(Provided information begins)

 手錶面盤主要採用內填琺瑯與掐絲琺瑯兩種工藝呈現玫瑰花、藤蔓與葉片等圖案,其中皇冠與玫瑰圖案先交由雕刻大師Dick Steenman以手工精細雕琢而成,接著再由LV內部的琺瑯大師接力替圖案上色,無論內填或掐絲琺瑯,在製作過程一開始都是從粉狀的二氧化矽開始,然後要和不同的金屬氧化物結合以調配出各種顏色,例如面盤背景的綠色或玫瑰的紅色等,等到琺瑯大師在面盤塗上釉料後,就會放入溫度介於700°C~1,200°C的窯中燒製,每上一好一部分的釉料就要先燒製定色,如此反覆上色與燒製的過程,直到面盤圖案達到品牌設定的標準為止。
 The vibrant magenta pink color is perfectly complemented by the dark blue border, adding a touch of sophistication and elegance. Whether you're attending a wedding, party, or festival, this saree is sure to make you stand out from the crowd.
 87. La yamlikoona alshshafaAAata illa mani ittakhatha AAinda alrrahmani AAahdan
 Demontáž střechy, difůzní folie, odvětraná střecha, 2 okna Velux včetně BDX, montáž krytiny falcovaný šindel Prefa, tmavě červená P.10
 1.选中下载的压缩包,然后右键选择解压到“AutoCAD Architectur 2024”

(Provided information ends)
(Provided information begins)

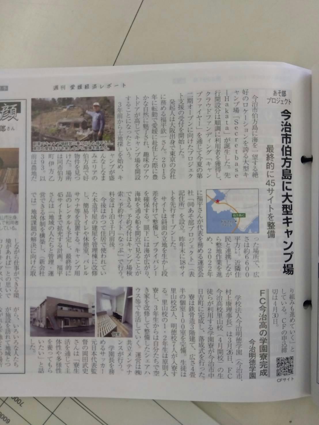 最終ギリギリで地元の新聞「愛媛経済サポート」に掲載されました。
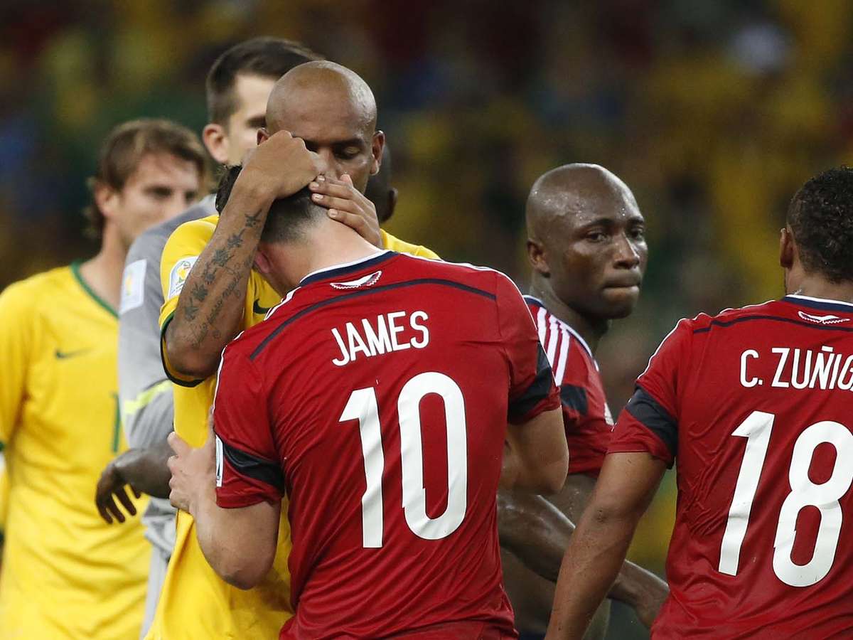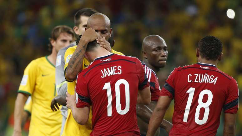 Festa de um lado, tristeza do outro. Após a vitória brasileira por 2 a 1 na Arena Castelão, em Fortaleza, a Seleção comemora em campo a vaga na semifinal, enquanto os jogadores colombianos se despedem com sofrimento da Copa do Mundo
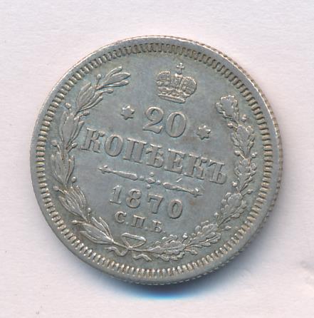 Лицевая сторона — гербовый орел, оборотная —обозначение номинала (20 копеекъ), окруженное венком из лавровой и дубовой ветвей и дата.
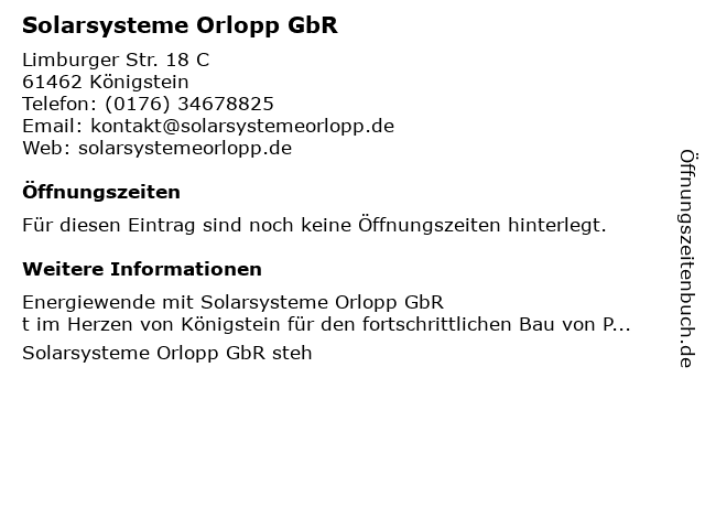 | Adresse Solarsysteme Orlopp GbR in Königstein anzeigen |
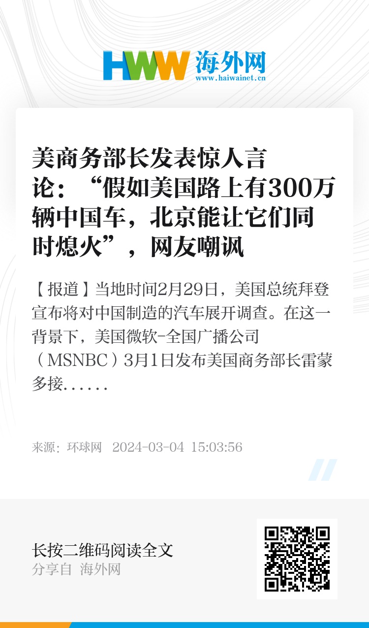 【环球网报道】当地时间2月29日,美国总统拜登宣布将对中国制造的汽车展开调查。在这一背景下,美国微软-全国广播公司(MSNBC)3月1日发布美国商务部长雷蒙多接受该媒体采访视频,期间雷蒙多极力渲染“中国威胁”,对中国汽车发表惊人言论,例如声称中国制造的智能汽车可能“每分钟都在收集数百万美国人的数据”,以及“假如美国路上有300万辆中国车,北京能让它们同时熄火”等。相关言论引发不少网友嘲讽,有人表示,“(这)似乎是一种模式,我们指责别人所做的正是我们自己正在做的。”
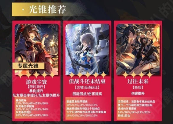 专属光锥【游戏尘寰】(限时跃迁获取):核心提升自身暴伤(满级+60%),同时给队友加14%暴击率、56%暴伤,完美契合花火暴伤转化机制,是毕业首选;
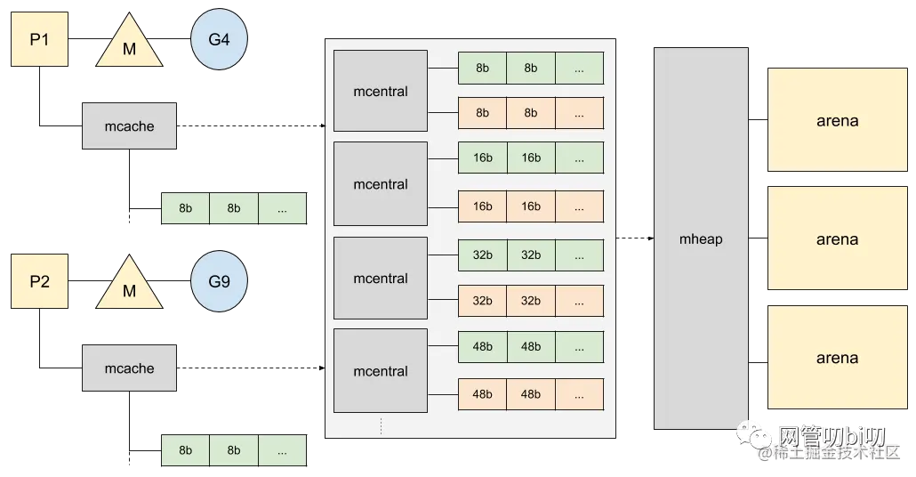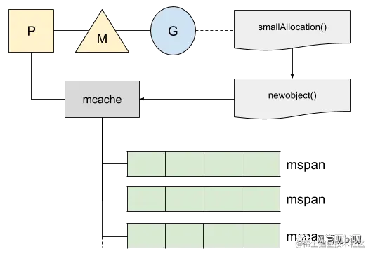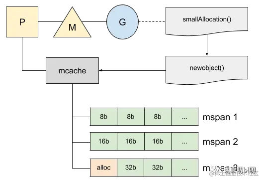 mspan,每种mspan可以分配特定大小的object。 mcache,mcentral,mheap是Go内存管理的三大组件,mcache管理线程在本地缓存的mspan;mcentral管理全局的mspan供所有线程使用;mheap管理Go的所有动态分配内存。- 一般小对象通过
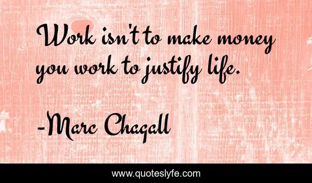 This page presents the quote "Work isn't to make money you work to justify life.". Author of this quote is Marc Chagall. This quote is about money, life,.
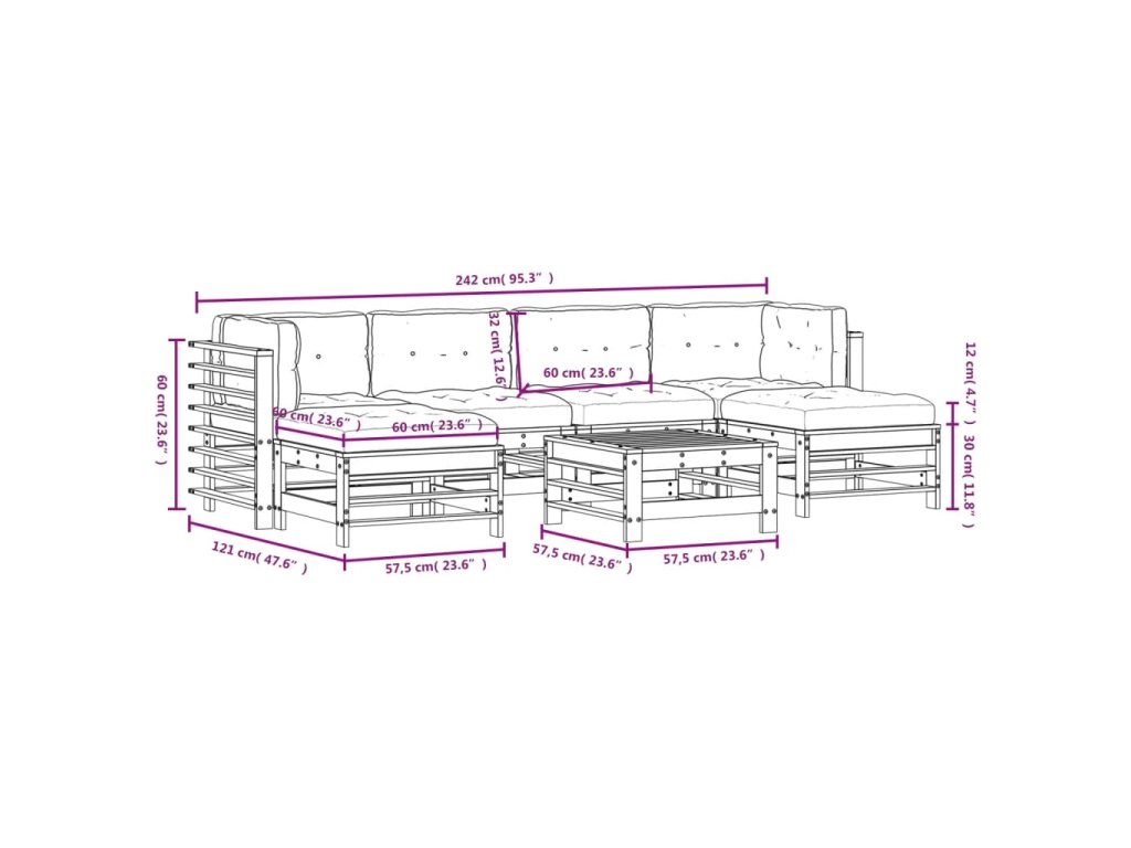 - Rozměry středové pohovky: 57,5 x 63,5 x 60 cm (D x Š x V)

(Provided information ends)

▸ **To do**
Would you copy the lines above exactly, starting with the one that has "专属光锥【游戏尘寰】(限时跃" and ending with the one that has "- Rozměry středové", both included, without the pictures?

▸ **Answer below**
 专属光锥【游戏尘寰】(限时跃迁获取):核心提升自身暴伤(满级+60%),同时给队友加14%暴击率、56%暴伤,完美契合花火暴伤转化机制,是毕业首选;
 mspan,每种mspan可以分配特定大小的object。 mcache,mcentral,mheap是Go内存管理的三大组件,mcache管理线程在本地缓存的mspan;mcentral管理全局的mspan供所有线程使用;mheap管理Go的所有动态分配内存。- 一般小对象通过
 This page presents the quote "Work isn't to make money you work to justify life.". Author of this quote is Marc Chagall. This quote is about money, life,.
 - Rozměry středové pohovky: 57,5 x 63,5 x 60 cm (D x Š x V)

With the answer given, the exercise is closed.